If one wants to chart the church by tallying theological and institutional crises, then this focus on prominent male leaders makes some sense. But is it really the most accurate representation of our Christian heritage? Might another perspective on church history more fully reflect the experience of the church and the work of the Holy Spirit?

The issue of who is included in the telling of history is not unique to the church. The academic community is in the midst of a multicultural revolution fanned by the flames of political correctness. With mixed results, scholars are challenging the traditional rendition of history and offering new versions—retelling stories from the points of view of women, the vanquished, minorities, or the poor.

It will be a pity if church historians once again merely follow the lead of secular historians—especially since many in the “PC” movement have anti-Western and even anti-Christian biases. But it is also a pity that historians of Christianity did not recognize long ago that a history that focuses on those with prestige and position is not the fullest reflection of our Christian heritage—in that it is out of step with how God works in the world.

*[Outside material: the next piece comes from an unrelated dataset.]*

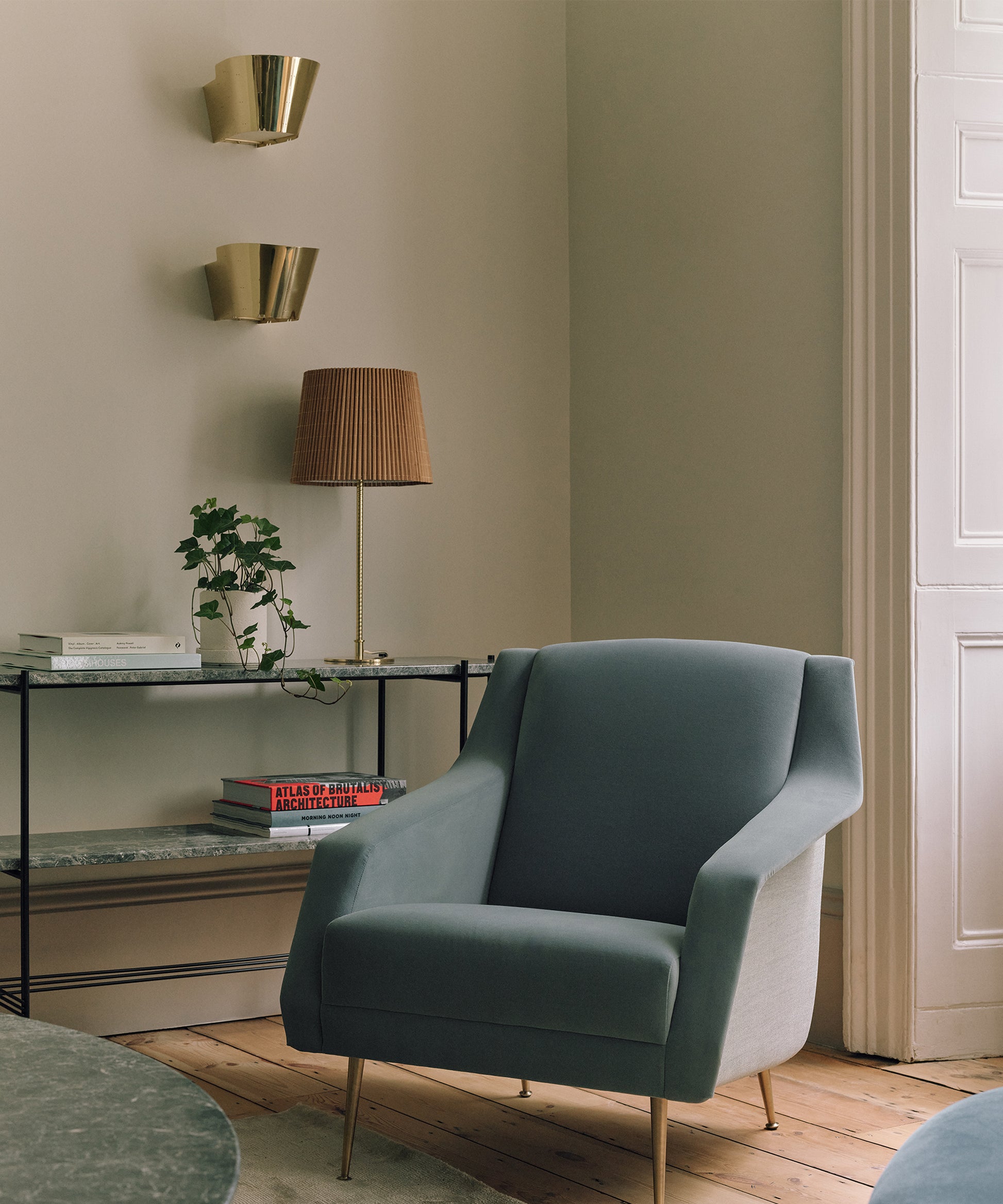 The clean, sculptured brass shade lends an air of elegance with Tynell’s distinctive traits of twin dot perforation pattern combined with notched edges, making the wall lamp appealing in its simplicity. Equally relevant today as when first introduced, the 9464 Wall Lamp fits perfectly into contemporary interiors, adding a sculptural effect to the wall whilst simultaneously creating a relaxed yet very refined indirect lighting.

Church historians would be wise to contemplate Jesus’ teaching on power. He charged his disciples that they were not to imitate the Gentiles in their lust for power. His standard was different: “Whoever would be great among you must be your servant” (Matt. 20:26). A history of humble servants may not be as interesting to read as tales of the powerful and famous, but it is another matter to say which group better represents who really carries on the work of the church.

Paul elaborates on this reversal of expectations: “God chose what is foolish in the world to shame the wise, … what is weak in the world to shame the strong, … what is low and despised in the world” (1 Cor. 1:27–28). This does not mean that we should ignore the “wise” and “strong” when we tell the story of the church, but it should tell us that we have missed something if these are all we hear about.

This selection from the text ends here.